Implementation Details
MesaTask is implemented using Qwen3-8b as the base LLM, with full-parameter fine-tuning on 8 A800 GPUs. The asset retrieval process combines SBERT-based text similarity and cosine size similarity, with empirically weighted scoring. Scene graph extraction employs geometric rules for spatial relations, orientation quantization, and grid-based positional encoding. DPO training uses three corruption strategies: geometric perturbation, scene graph corruption, and object removal.
Limitations and Future Directions
MesaTask currently focuses on six indoor table types and relies on 3D object retrieval, limiting diversity to the asset database. Future work will integrate 3D object generation conditioned on bounding boxes to expand object diversity and realism.
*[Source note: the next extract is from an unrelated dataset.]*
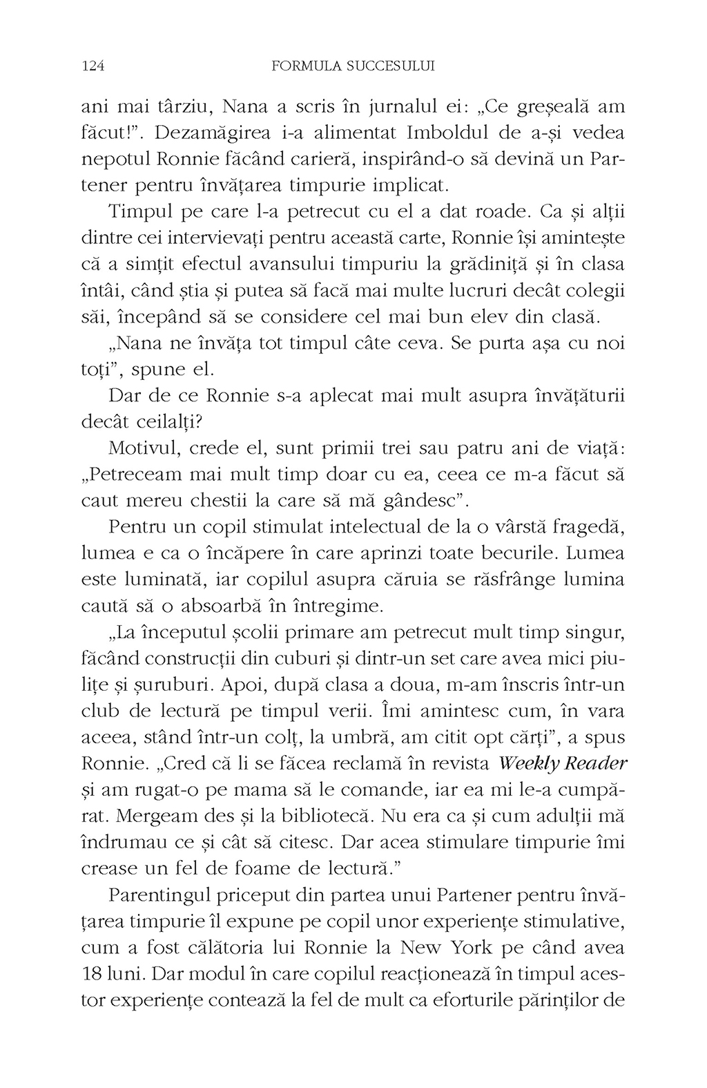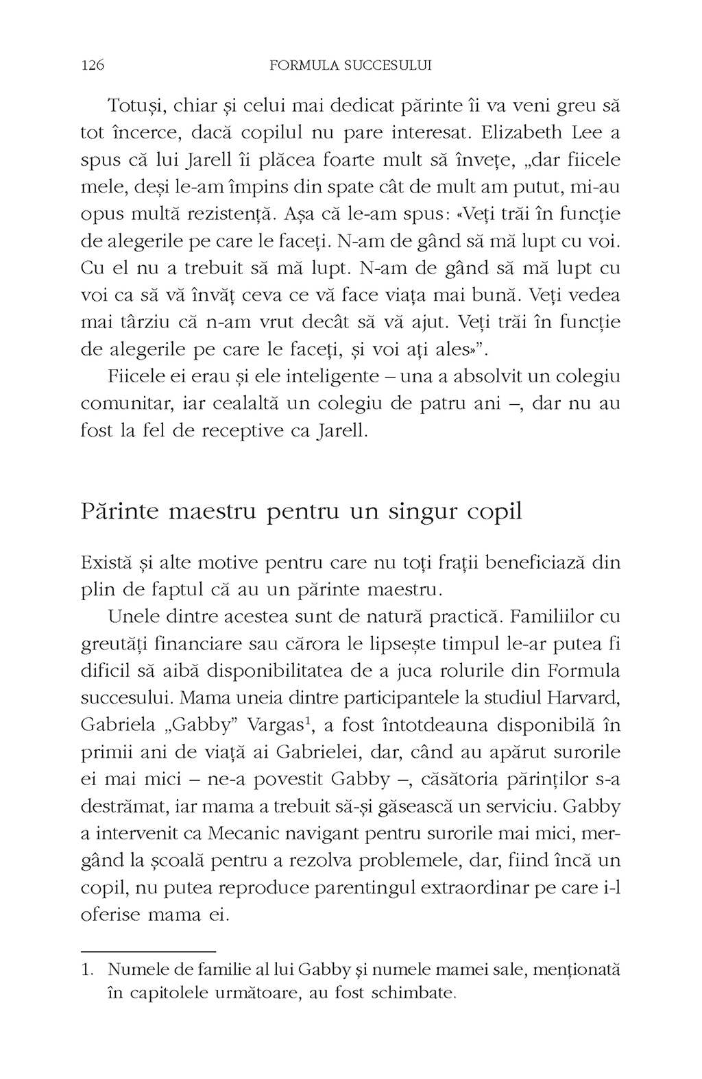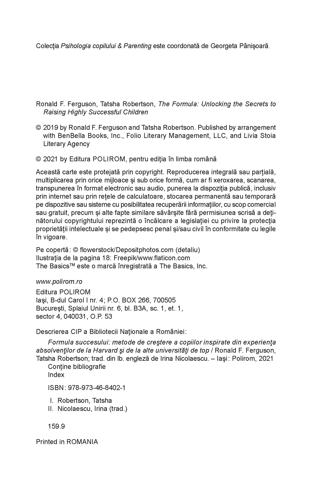 De ce, pentru unii, succesul pare să vină atît de ușor? Există o formulă de parenting care să creeze cu certitudine adulți remarcabili și realizați? Bazată pe cele mai recente cercetări științifice, cartea de față îți arată că, încă de la nașterea copilului tău, deciziile în ce privește creșterea lui pot avea o influență fundamentală. În urma unor interviuri desfășurate pe parcursul a 15 ani cu 200 de studenți de la Harvard sau de la alte universități prestigioase, precum și cu unii dintre părinții lor, autorii au descoperit că pot fi descrise opt tipare în care se încadrează stilurile de parenting, ce nu au nicio legătură cu mediul din care provin părinții, cu naționalitatea sau cu rasa lor, ba chiar, în majoritatea cazurilor, nici măcar cu nivelul lor de educație. Aceste stiluri de parenting pot fi învățate de orice părinte sau educator interesat, astfel încît, chiar dacă nu toți copiii vor deveni muzicieni celebri, absolvenți de Harvard sau oameni de afaceri bogați, formula succesului le va îmbunătăți cu siguranță rezultatele la școală și șansele de a avea o viață fericită și plină de sens.

Extending to broader table types and more complex manipulation tasks is a natural progression.
Conclusion
MesaTask establishes a new paradigm for task-driven 3D tabletop scene generation, combining large-scale dataset construction, structured spatial reasoning, and LLM-based synthesis. The framework achieves state-of-the-art performance in generating physically plausible, semantically aligned scenes from abstract task instructions, with robust generalization and extensibility. MesaTask-10K provides a valuable benchmark for future research in embodied AI, scene synthesis, and robotic policy learning.
Figure 9: Additional qualitative comparisons of task-conditioned scene generation across GPT-4o, I-Design-table, Holodeck-table, and MesaTask.
Figure 10: Additional qualitative results generated by MesaTask, illustrating diverse task-driven scene layouts.
Figure 11: MesaTask qualitative results (continued), showing complex spatial arrangements and inter-object relations.
Figure 12: MesaTask qualitative results (continued), further demonstrating scene diversity and realism.